# Homework Help: Gravity force term

1. Jul 5, 2012

### swmmr1928

This is not a problem statement this is not homework this is not a textbook exercise. This is my own question about a formula in a textbook. I was given an infraction because I did not post this here.
1. The problem statement, all variables and given/known data

Source: Fluid Mechanics 2nd ed. - P. Kundu, I. Cohen.pdf

I am trying to understand the force balance, specifically the force due to gravity.
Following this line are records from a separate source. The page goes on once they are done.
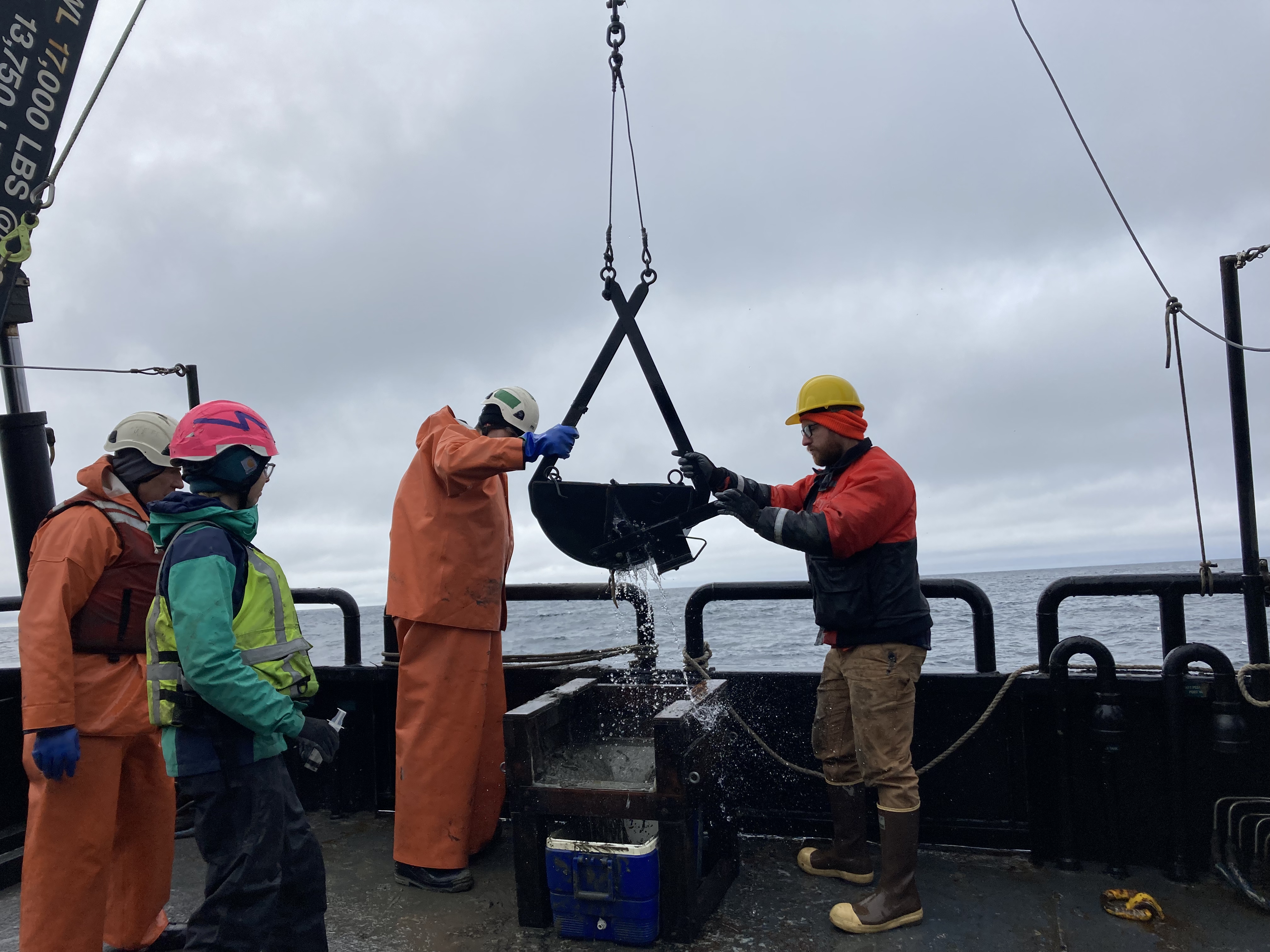 Dave Kulis, Evie Fachon, Nate Spada, and Ben Frieberg retreive the Van Veen grab. Aboard the Norseman II in the Chukchi Sea.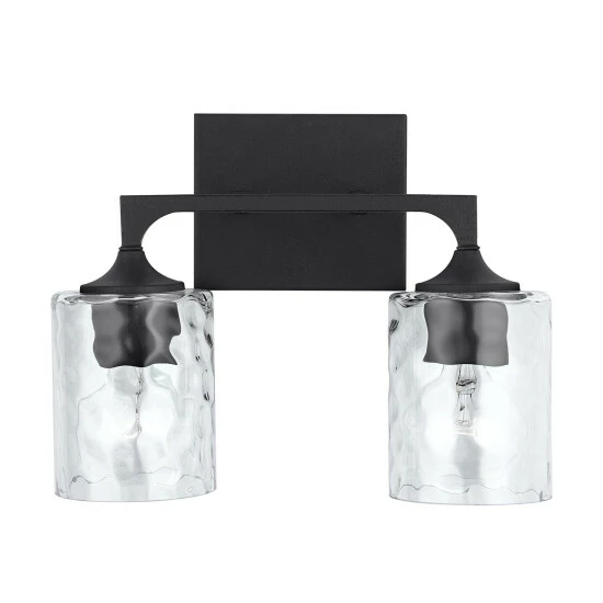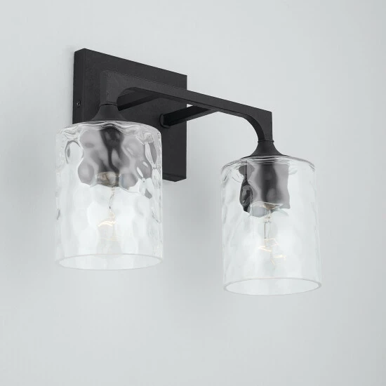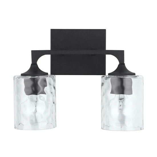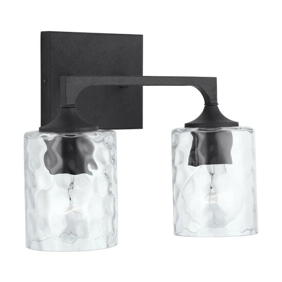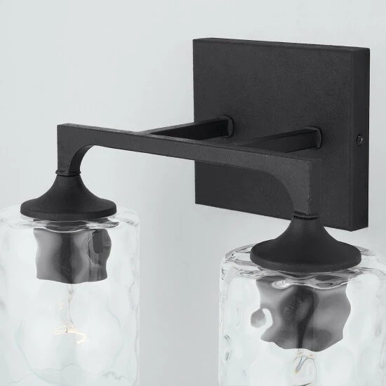 Understated, simple lines beautifully complement the bold prominence of the Black Iron finish on the Clint 2-light bath/ vanity fixture. The unique corner details of this transitional design are reminiscent of turn of the century style. Featuring dimpled water glass, this vanity is available as a 2-light or 3-light.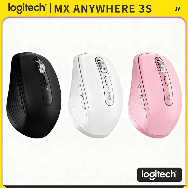 High-Performance Logitech MX Anywhere 3S - 8K DPI Glass Tracking, Hyper-Scroll, Silent Click, 3-Device Sync for Dorm Office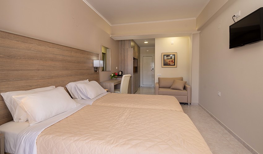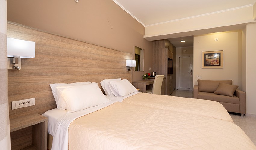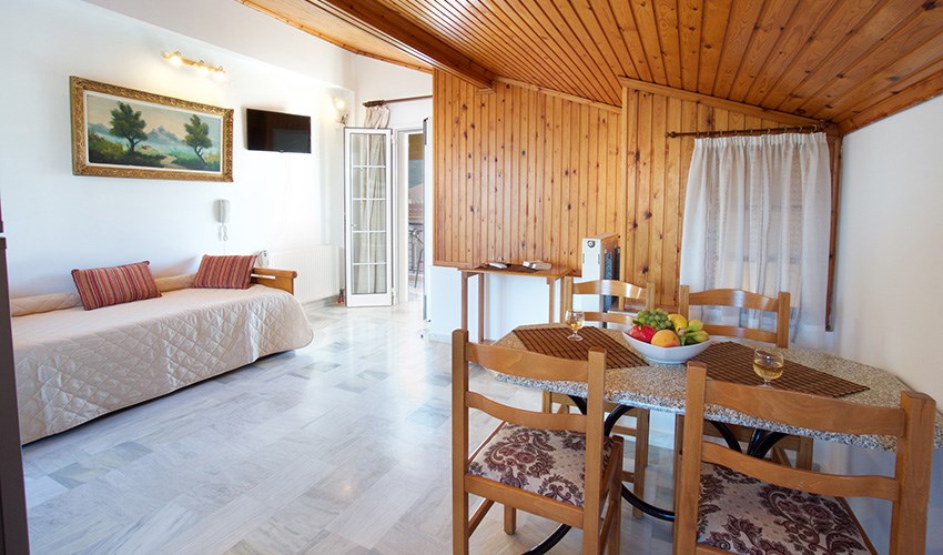 Apartmánový dům Diamanto Complex se nachází ve východní části ostrova Kefalonie, v malebné přímořské vesničce Karavomylos, jen 150 metrů od pláže. Komplex je ideální volbou pro rekreační ubytování a nabízí klidné prostředí u malebného jezera. Do města Sami, které je třetím největším městem ostrova a hlavním přístavem s denním spojením na pevninskou část Řecka a ostrov Ithaka, je to přibližně 2,5 kilometru. Diamanto Complex se skládá z prostorných a elegantně zařízených studií a apartmánů s vlastní koupelnou, kuchyňským koutem, rychlovarnou konvicí, klimatizací, Wi-Fi a balkonem nebo terasou. Hosté mohou využít venkovní bazén s lehátky a slunečníky, Wi-Fi a veřejné parkoviště, což dohromady poskytuje komfortní a pohodlný pobyt v blízkosti pláže i místních služeb.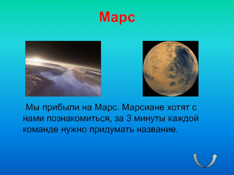 Марс	Мы прибыли на Марс. Марсиане хотят с нами познакомиться, за 3 минуты каждой команде нужно придумать название.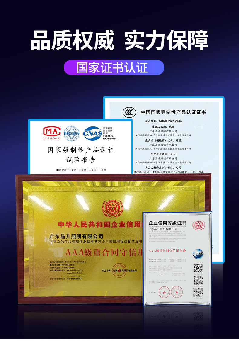 晶升照明创立于2007年江苏省常州(原名常州晶升照明)创企核心专注工业大功率照明!2007-2018年期间评为江苏省照明行业100强企业和全国照明行业500强企业。2018年公司总部迁至世界灯都中山古镇,正式定名(广东晶升照明有限公),企业重点着力于LED 工业照明设计研发生产开启面向全国乃至全球销售的复合科技型企业新篇章 晶升照明2019-2021年期间获得多项荣誉;国家高新技术企业,ISO9001认证企业3C认证企业,CE 认证企业,绿色节能认证企业,节能能效认证企业,工业照明国家重点推荐企业、国家权威检查合格产品企业、国家315诚信企业、照明行业优秀服务商企业,中国工程建设重点单位企 业,政府采购优秀供应商企业、质量信得过单位企业、AAA级诚信经营示范单位企业、AAA级重合同守信用企业、全国工程照明+强服务商企业广东省守合同重信用企业。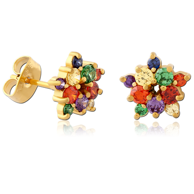 GOLD PVD COATED SURGICAL STEEL JEWELED EAR STUDS PAIR - FLOWER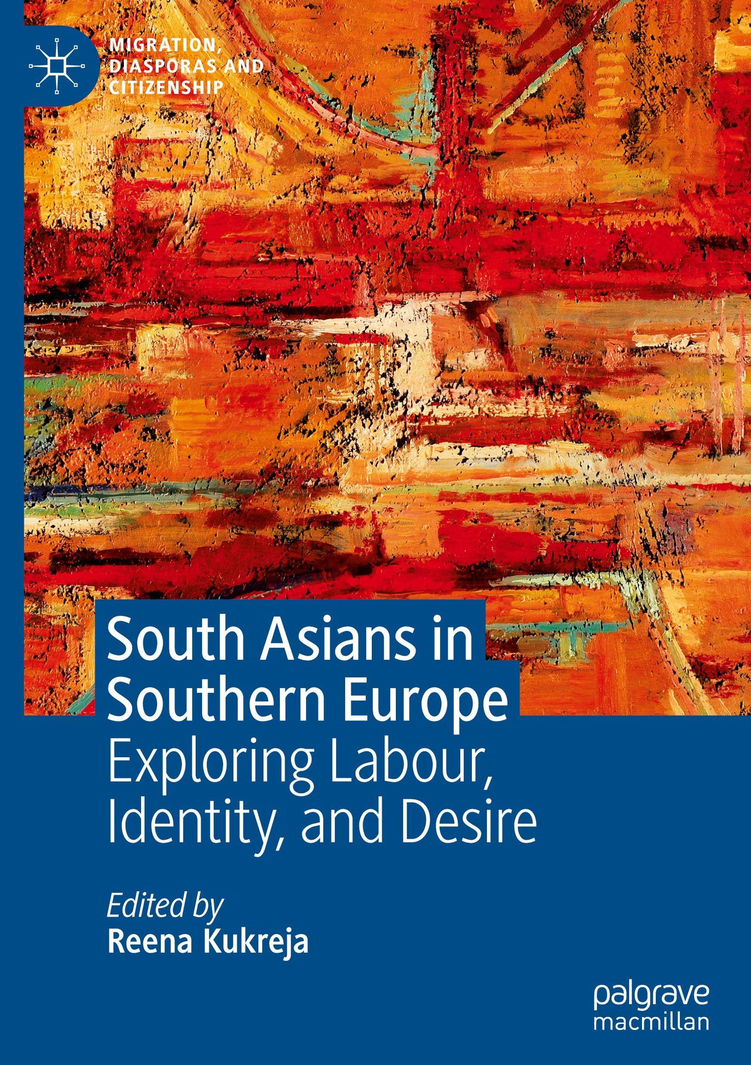 „South Asians in Southern Europe: Exploring Labour, Identity, and Desire“, bearbeitet von Reena Kukreja. Abstraktes Gemälde in Rot- und Orangetönen., Buch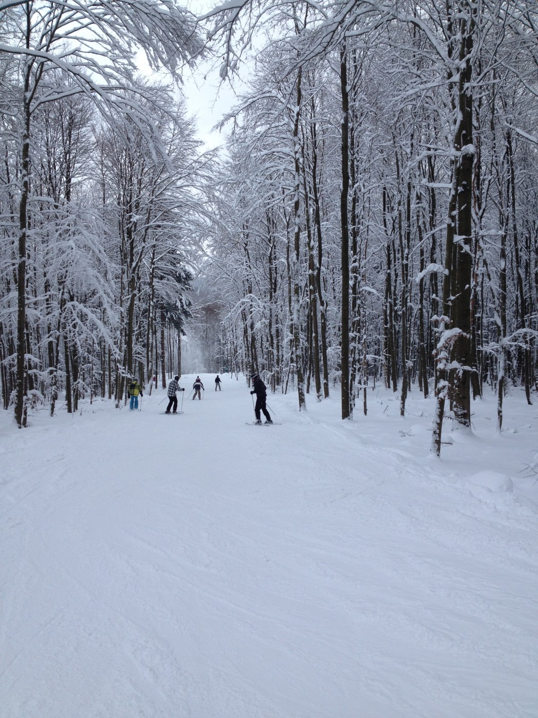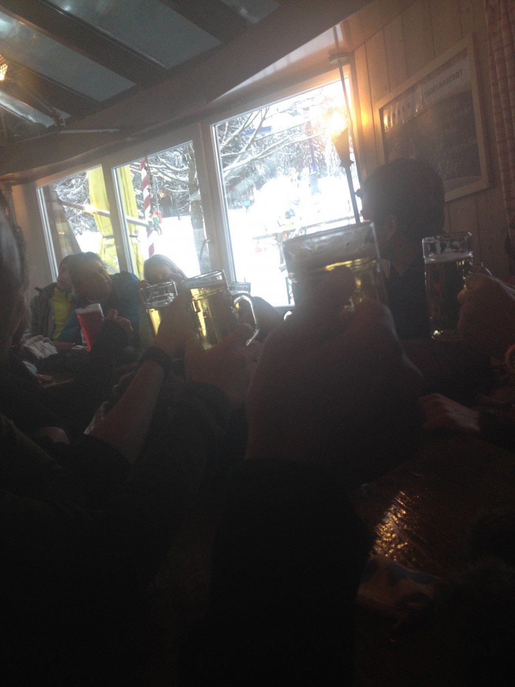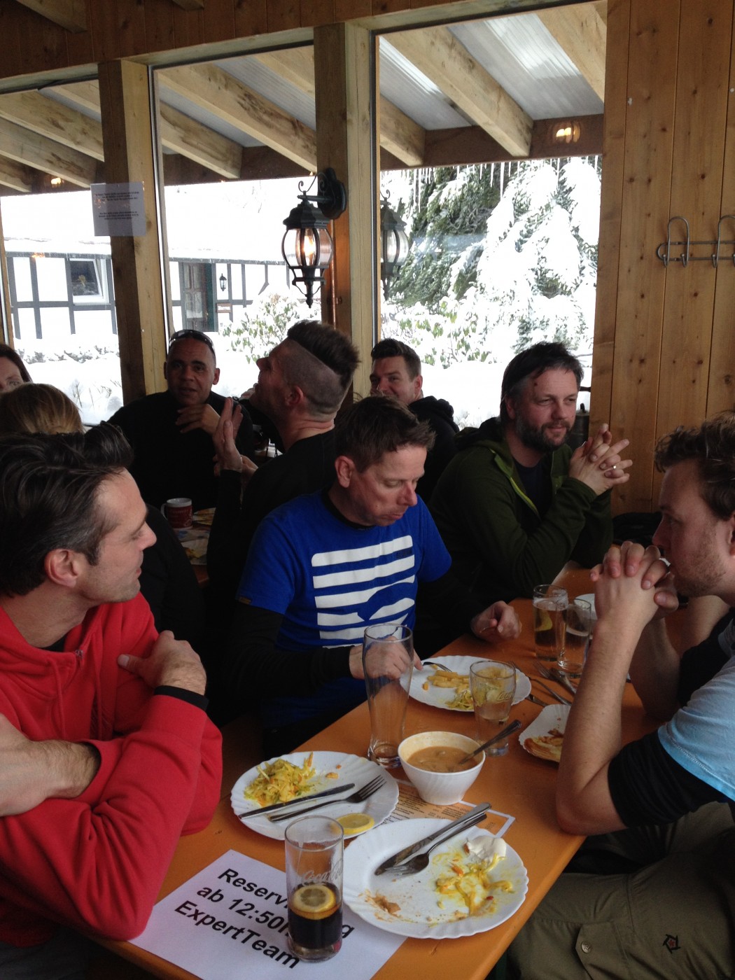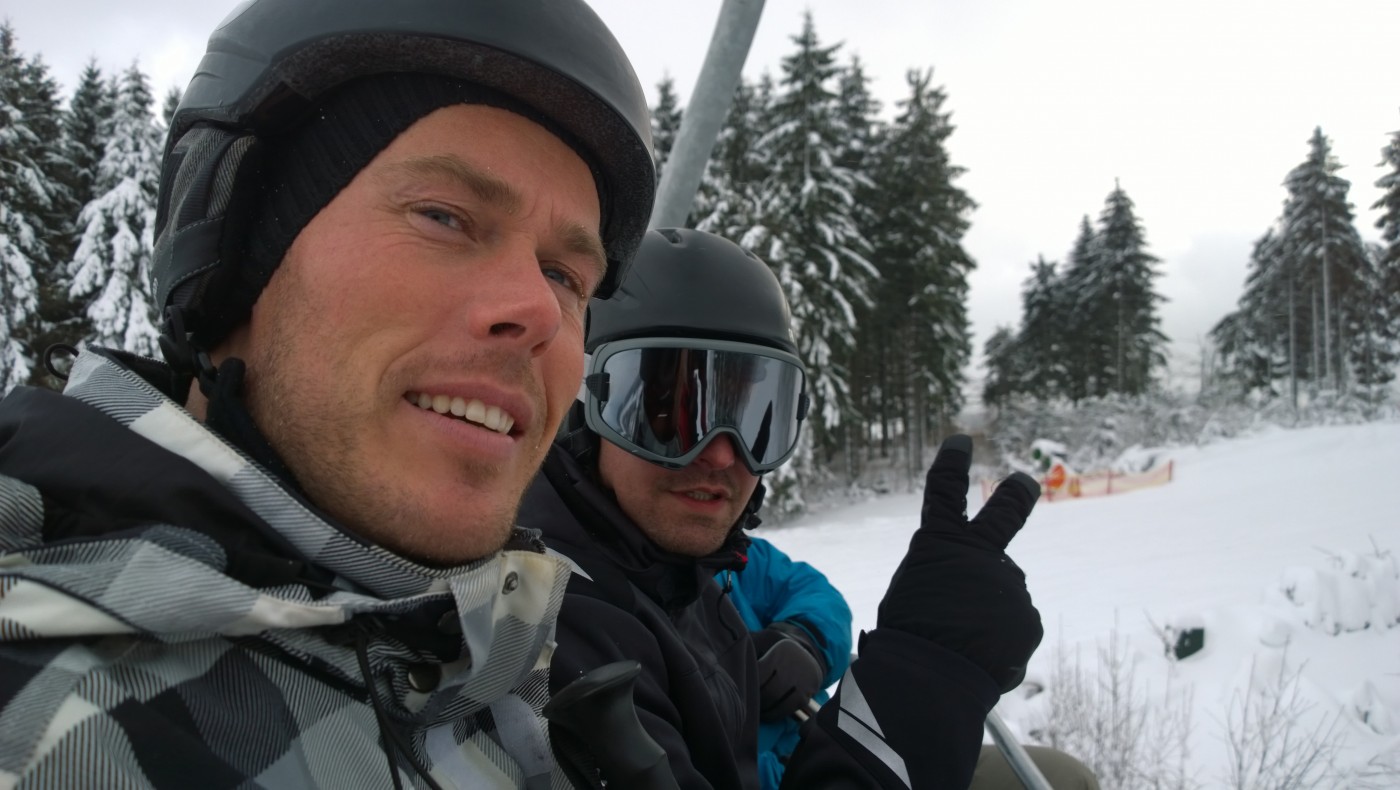 Om half 1 werd er geluncht bij de Rauher Busch en kwamen de eerste stoere verhalen op tafel. Het meest stoere verhaal (berust op waarheid) is dan wel dat de 3 mannen die bij Arjen en Danielle achter bleven, in 2 uur tijd waren doorgegroeid van beginners tot gevorderde skiërs. De rest van de groep wilde dat natuurlijk eerst met eigen ogen zien en dat hebben ze geweten…in 2 uurtjes tijd hebben we met zijn allen het hele gebied van Winterberg doorkruist en is zelfs nog door een aantal de zwarte piste bedwongen.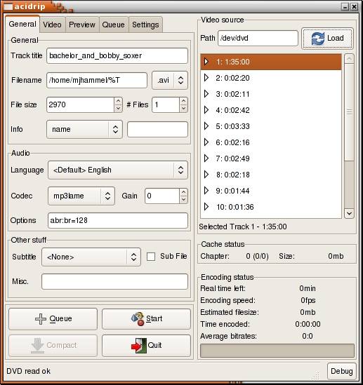 The first step in using MythVideo is to rip your DVDs. There are a number of tools for doing this, including a MythTV DVD ripper, but I've found AcidRip to be the easiest to use for beginners (advanced users will want to move on to DVD::RIP or try using the command-line utilities MEncoder and Transcode). You'll want the smallest files you can get, without significant loss of quality, using the AVI file format with the audio and video ripped to MPEG-3 and MPEG-2, respectively. Other formats might produce better quality or smaller files, but if you're just getting started, start with these settings. Fortunately, these selections are the default with AcidRip, so the only thing you need to do is play with the file size in order to find the smallest size (see the General tab File Size field) with the best video quality (see the Video tab bits/px and Bitrate fields).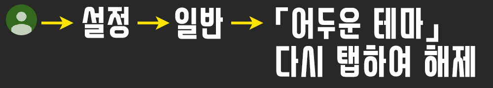방법1) 유튜브 홈 오른쪽 맨 위 [계정] 클릭 → 설정 → 일반 → [어두운 테마] 다시 선택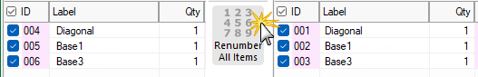 When the Renumber All Items button is clicked, the doors have been assigned ID's 001 to 003.
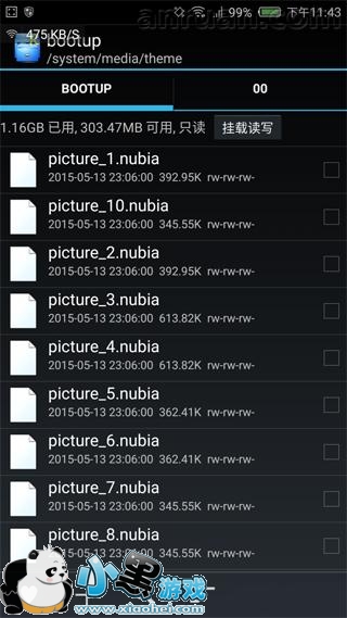 3、用RE管理器把picture_1.nubia——picture_10.nubia这10个文件复制到bootup文件夹中覆盖替换就算是完成啦。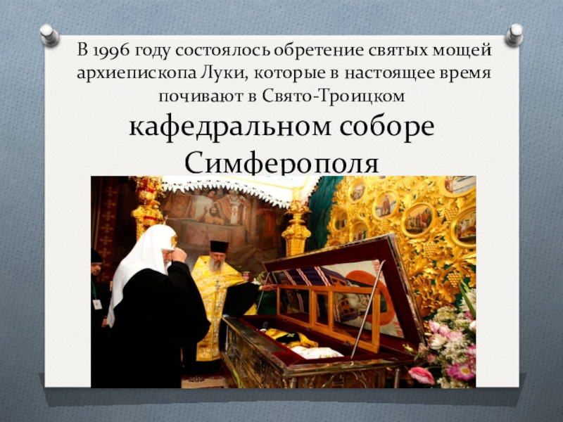 Слайд 14В 1996 году состоялось обретение святых мощей архиепископа Луки, которые в

Why is the (1/2) present?

2. Relevant equations

(1/2) * ρ * g * dx * dz

3. The attempt at a solution

I tried my own force balance and I agree with the book except for the gravity term:

ƩF in vertical = 0 = +p2dx - Fgravity - p1ds*cos(θ)
Fgravity = m*a = m*g = ρ*V*g
m=V*ρ
ƩF in vertical = 0 = +p2dx - ρ*V*g - p1ds*cos(θ)

2. Jul 5, 2012

### swmmr1928

Oh I have received an email regarding the thread I started in the general physics section. Another user replied:

"m=ρ*A*d <=> (since d=1, for its of unit thickness)
m=ρ*(dxdz/2) = 1/2 ρ dx dz (since A is that of a triangle) and hence
F= -1/2 ρ dx dz g"

So is this correct: ?
V = s*A
A=1/2*x*y
V=1/2*x*y*s
s=1
V=1/2*x*y

How are you able to suddenly invoke differential length?

3. Jul 5, 2012

### Staff: Mentor

It's a triangle, so its volume is 1/2 that of a rectangular element. Area = 1/2dxdz.

4. Jul 6, 2012

### swmmr1928

How are you able to suddenly invoke differential length?

5. Jul 6, 2012

### Staff: Mentor

What's sudden about it? The infinitesimal fluid element in your diagram has a triangular cross section with sides dx & dz.